__Exercise directions__: Set every line of the data down again exactly, and keep the pictures out.

__Dataset excerpt__:
..........

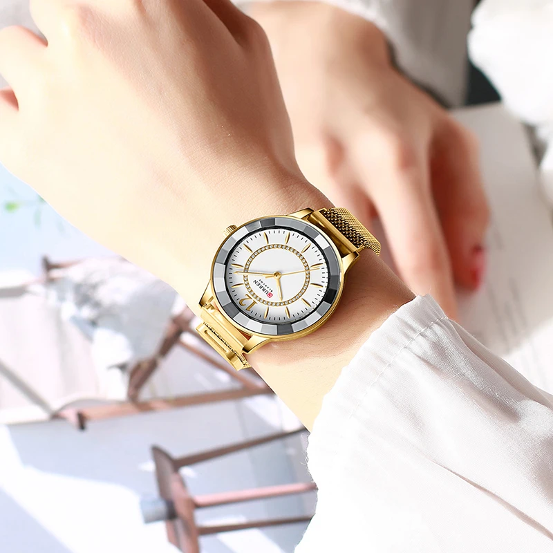 Часы Curren женские наручные, брендовые элегантные модные золотистые, из нержавеющей стали, 2021
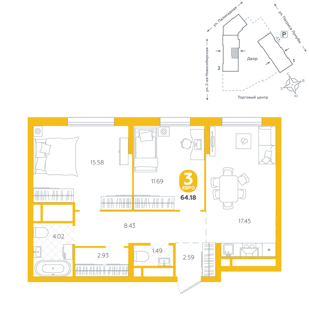 2-комнатная, 64.2 м²
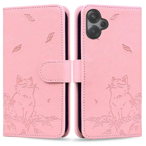 Funda de Cuero con Estampado de Gato para Redmi 13 4G (Rosa)

..........

__Expected answer__:
 Часы Curren женские наручные, брендовые элегантные модные золотистые, из нержавеющей стали, 2021
 2-комнатная, 64.2 м²
 Funda de Cuero con Estampado de Gato para Redmi 13 4G (Rosa)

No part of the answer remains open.